= Govindpur, Allahabad =

Also a place near Gwalior, Madhya Pradesh

Govindpur is one of the oldest colonies in India established by Prayagraj Development Authority in 1981 at the bank of the river Ganges.

==Geography==
The approximate area of the colony is 1.5 km^{2}. It is situated on a plateau which protects it from the frequent floods of the river Ganges. It has four levels of residential structures, EWS (economically weaker section), LIG (lower income group), MIG (middle income group) and HIG (higher income group)—representing a typical socio-economic class structure in India. It also comprises plots which gives it a more elegant look.

==Transportation==
It is very well connected by local transport with the rest of the city with indigenous developed vehicles called Vikram. It is also supported by private and government bus services called Mahanagri and UPSRTC.

==Facilities==
The main markets are Aashiyana market, Jeeshan market. There are two Durga Puja Parks here. The prime shopping place in Govindpur is at Zeeshan market where various kinds of shops ranging from general store to gift shops can be found.

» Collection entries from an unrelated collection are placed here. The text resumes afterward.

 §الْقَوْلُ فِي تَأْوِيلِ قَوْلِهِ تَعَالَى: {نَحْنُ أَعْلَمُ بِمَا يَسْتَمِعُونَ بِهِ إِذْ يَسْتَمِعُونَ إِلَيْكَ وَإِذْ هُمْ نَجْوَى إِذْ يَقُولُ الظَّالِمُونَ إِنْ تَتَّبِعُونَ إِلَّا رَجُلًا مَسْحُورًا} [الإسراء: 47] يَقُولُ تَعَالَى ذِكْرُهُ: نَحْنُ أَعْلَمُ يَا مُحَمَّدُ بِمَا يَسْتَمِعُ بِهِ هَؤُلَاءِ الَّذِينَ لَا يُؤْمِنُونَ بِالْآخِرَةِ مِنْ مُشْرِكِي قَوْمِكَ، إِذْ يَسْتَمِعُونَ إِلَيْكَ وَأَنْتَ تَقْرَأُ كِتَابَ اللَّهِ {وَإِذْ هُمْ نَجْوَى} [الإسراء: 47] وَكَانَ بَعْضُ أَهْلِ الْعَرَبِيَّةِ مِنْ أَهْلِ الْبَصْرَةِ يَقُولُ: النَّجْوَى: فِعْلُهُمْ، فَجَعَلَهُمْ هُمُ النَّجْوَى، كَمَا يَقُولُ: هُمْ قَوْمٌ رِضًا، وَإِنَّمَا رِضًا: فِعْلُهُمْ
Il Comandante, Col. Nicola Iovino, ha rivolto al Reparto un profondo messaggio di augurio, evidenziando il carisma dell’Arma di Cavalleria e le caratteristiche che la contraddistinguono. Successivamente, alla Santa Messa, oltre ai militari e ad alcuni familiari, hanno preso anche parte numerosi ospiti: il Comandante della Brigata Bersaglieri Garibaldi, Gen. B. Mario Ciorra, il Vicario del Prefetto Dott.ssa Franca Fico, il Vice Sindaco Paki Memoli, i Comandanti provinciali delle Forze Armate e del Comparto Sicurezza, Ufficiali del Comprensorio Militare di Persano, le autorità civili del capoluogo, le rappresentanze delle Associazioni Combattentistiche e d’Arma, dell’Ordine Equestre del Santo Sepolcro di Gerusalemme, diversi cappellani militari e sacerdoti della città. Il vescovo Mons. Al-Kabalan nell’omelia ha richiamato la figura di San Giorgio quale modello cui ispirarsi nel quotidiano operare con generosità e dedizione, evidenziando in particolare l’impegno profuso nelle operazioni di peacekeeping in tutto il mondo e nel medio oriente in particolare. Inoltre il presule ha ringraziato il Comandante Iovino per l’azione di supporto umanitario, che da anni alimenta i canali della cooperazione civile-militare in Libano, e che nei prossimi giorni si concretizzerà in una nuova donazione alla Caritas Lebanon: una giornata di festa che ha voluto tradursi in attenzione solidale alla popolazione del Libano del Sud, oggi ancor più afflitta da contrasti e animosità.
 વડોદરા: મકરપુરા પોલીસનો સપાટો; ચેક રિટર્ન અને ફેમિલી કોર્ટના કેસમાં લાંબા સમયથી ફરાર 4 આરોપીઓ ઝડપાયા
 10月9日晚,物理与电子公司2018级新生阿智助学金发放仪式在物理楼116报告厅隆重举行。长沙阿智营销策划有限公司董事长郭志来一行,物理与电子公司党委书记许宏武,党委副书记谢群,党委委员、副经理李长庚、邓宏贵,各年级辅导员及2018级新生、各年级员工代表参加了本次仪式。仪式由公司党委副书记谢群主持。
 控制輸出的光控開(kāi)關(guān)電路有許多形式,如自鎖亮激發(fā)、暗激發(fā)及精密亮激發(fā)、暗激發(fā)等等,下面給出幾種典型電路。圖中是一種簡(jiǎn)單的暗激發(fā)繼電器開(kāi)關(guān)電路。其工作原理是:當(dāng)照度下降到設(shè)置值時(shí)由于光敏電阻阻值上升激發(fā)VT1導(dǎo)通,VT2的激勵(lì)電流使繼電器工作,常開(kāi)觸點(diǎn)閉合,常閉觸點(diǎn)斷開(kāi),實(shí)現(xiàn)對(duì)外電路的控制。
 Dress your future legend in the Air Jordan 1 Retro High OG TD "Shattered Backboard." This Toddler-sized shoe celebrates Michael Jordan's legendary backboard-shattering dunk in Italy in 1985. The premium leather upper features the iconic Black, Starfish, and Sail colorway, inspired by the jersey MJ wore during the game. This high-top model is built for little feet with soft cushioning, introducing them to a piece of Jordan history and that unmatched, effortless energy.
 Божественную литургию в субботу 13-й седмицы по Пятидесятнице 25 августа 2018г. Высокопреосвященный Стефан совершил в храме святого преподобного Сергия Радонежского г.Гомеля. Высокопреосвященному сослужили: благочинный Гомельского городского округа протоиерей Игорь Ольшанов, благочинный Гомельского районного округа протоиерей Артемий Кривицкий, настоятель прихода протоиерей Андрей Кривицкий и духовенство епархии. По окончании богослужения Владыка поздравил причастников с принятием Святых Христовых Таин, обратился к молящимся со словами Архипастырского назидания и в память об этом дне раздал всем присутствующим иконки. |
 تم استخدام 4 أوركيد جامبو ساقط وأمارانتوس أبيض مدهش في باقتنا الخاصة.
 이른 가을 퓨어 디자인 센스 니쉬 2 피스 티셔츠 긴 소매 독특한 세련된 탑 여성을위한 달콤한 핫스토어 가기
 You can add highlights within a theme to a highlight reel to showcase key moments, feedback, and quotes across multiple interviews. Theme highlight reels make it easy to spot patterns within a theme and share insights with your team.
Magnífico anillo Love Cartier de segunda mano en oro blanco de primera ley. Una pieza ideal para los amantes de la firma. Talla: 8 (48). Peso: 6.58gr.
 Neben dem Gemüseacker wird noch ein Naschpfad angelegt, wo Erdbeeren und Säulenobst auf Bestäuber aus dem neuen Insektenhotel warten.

Nearby localities are Chandpur, Salori, Bhulai Ka Purwa, Shivpuri and Shivkuti.

There are a number of medical stores in Govindpur. A number of roadside shops serve fast foods.
Photostate printout shop also available.

==Nearby places==

Places to visit in Govindpur include Shivkuti Temple, one of the oldest temples of India which houses a Shiv Kaccheri which has thousands of shivlings and is of high importance to Shiv devotees. The Narayan Ashram is another such place which houses three temples in inside a huge lush green campus, which is a great outing spot for local residents. Also the famous, Motilal Nehru National Institute of Technology, one of the 30 NIT's of India is situated just one and a half kilometres from Govindpur colony.

About 14.2 km from sangam "In Hindu tradition Triveni Sangam is the 'confluence' of three rivers. Sangama is the Sanskrit word for confluence. The point of confluence is a sacred place for Hindus".